— Task —
Copy all entries exactly, and wherever an entry holds a picture, leave that picture out.

═══ Dataset entries

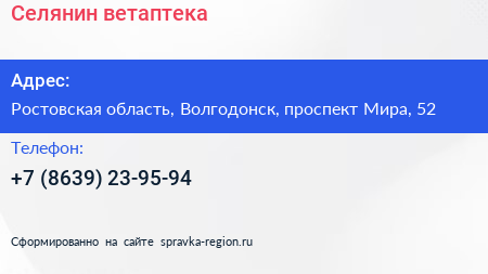 Селянин, ветаптека по адресу Ростовская область, Волгодонск, проспект Мира, 52 в дальнейшем Организация, размещена в следующих категориях:
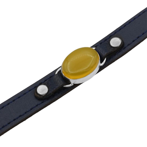 دستبند شرف الشمس نقره چرم سرمه ای بلند کلاسیک طرح کمیل + حکاکی
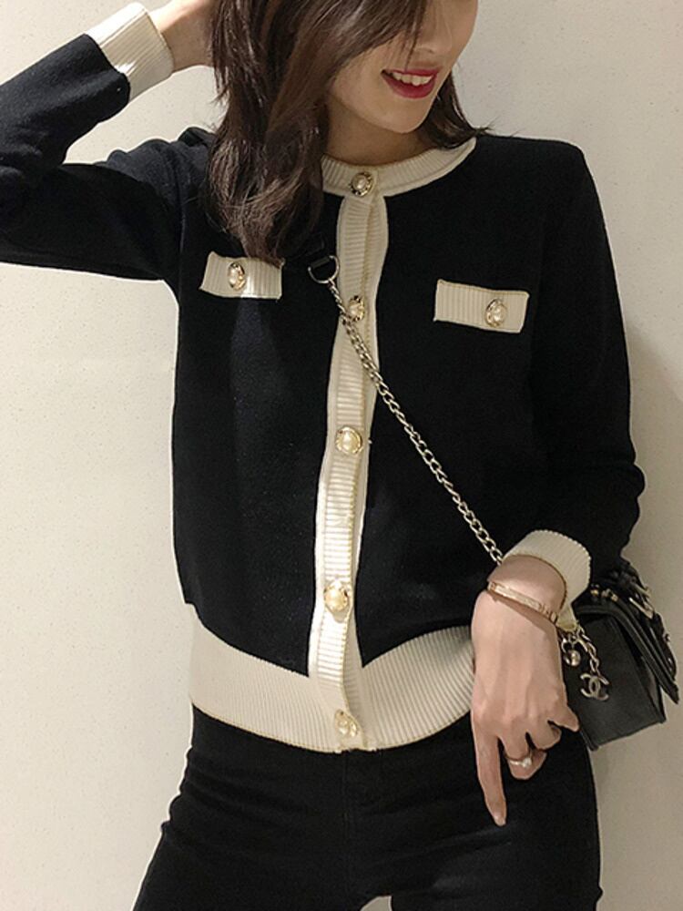 [EWQ] O ネックコントラストカラーパッチワークジャケット秋長袖シングルブレストコートトップス ロング オータム 秋物 Oネック
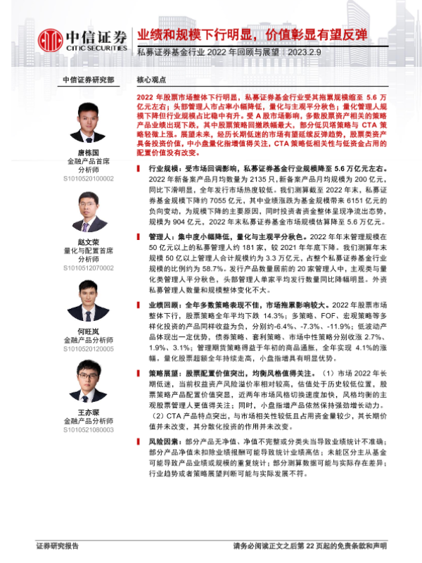 【中信证券】【20230209】私募证券基金行业2022年回顾与展望:业绩和规模下行明显,价值彰显有望反弹-23页
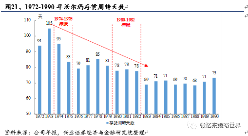 ——在经济危机中,沃尔玛提高效率,降低成本。汲取整个行业遭受挫折的教训即配送效率下降,通过仓储式经营、精兵简政、加快物流及现金流速度,提高了效率,降低了成本,存货周转天数不断下降。
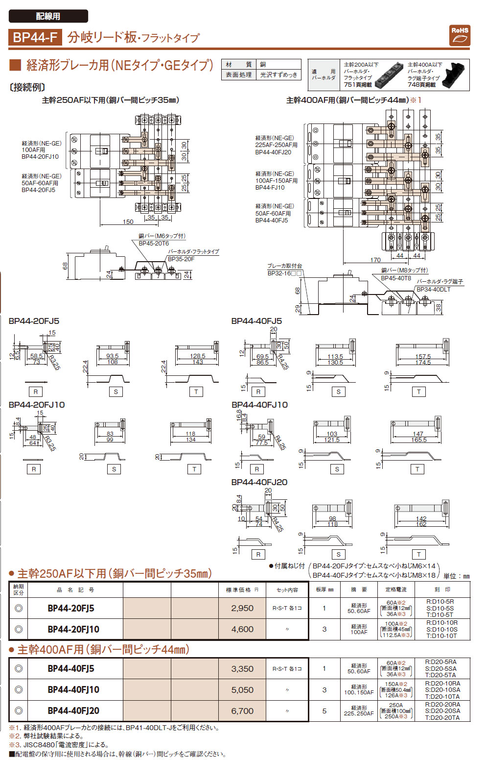 BP44-20FJ10 分岐リード板 経済形ブレーカ用 主幹250AF以下用
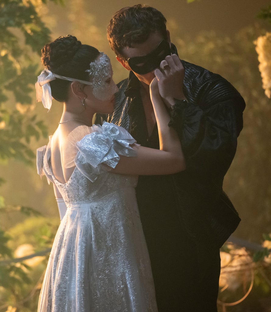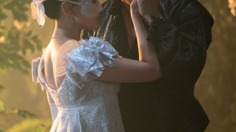 Here’s what we know from the season’s official logline: “The fourth season of Bridgerton turns its focus to bohemian second son Benedict (Luke Thompson). Despite his elder and younger brothers both being happily married, Benedict is loath to settle down — until he meets a captivating Lady in Silver at his mother’s masquerade ball.” In a teaser clip released from the season, we learn that the mysterious Lady in Silver is Sophie Baek (Yerin Ha) and when they meet at Lady Bridgerton’s famed masquerade ball, Benedict is immediately down bad. In this Cinderella story, Benedict (with the reluctant help of his sister Eloise), sets out to find his masked lady. The twist: Sophie is actually a maid working for the lady of the house, Araminta Gun (Katie Leung).
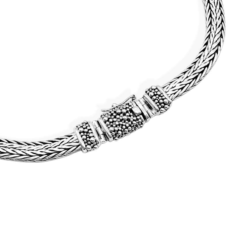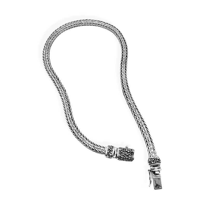 Snake Silver Chain is handweaved. It’s width is 8mm and is a one of a kind. The closure has the granulation techniques extensively used on Lombok. It is 50 cm length and you can order it custom made in other lengths.
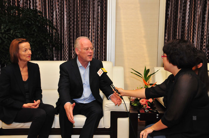 會談后,沙爾平夫婦就項(xiàng)目合作最新成果接受記者采訪

══════

— Response below —
 Селянин, ветаптека по адресу Ростовская область, Волгодонск, проспект Мира, 52 в дальнейшем Организация, размещена в следующих категориях:
 دستبند شرف الشمس نقره چرم سرمه ای بلند کلاسیک طرح کمیل + حکاکی
 [EWQ] O ネックコントラストカラーパッチワークジャケット秋長袖シングルブレストコートトップス ロング オータム 秋物 Oネック
 【中信证券】【20230209】私募证券基金行业2022年回顾与展望:业绩和规模下行明显,价值彰显有望反弹-23页
 ——在经济危机中,沃尔玛提高效率,降低成本。汲取整个行业遭受挫折的教训即配送效率下降,通过仓储式经营、精兵简政、加快物流及现金流速度,提高了效率,降低了成本,存货周转天数不断下降。
 BP44-20FJ10 分岐リード板 経済形ブレーカ用 主幹250AF以下用
 Here’s what we know from the season’s official logline: “The fourth season of Bridgerton turns its focus to bohemian second son Benedict (Luke Thompson). Despite his elder and younger brothers both being happily married, Benedict is loath to settle down — until he meets a captivating Lady in Silver at his mother’s masquerade ball.” In a teaser clip released from the season, we learn that the mysterious Lady in Silver is Sophie Baek (Yerin Ha) and when they meet at Lady Bridgerton’s famed masquerade ball, Benedict is immediately down bad. In this Cinderella story, Benedict (with the reluctant help of his sister Eloise), sets out to find his masked lady. The twist: Sophie is actually a maid working for the lady of the house, Araminta Gun (Katie Leung).
 Snake Silver Chain is handweaved. It’s width is 8mm and is a one of a kind. The closure has the granulation techniques extensively used on Lombok. It is 50 cm length and you can order it custom made in other lengths.
 會談后,沙爾平夫婦就項(xiàng)目合作最新成果接受記者采訪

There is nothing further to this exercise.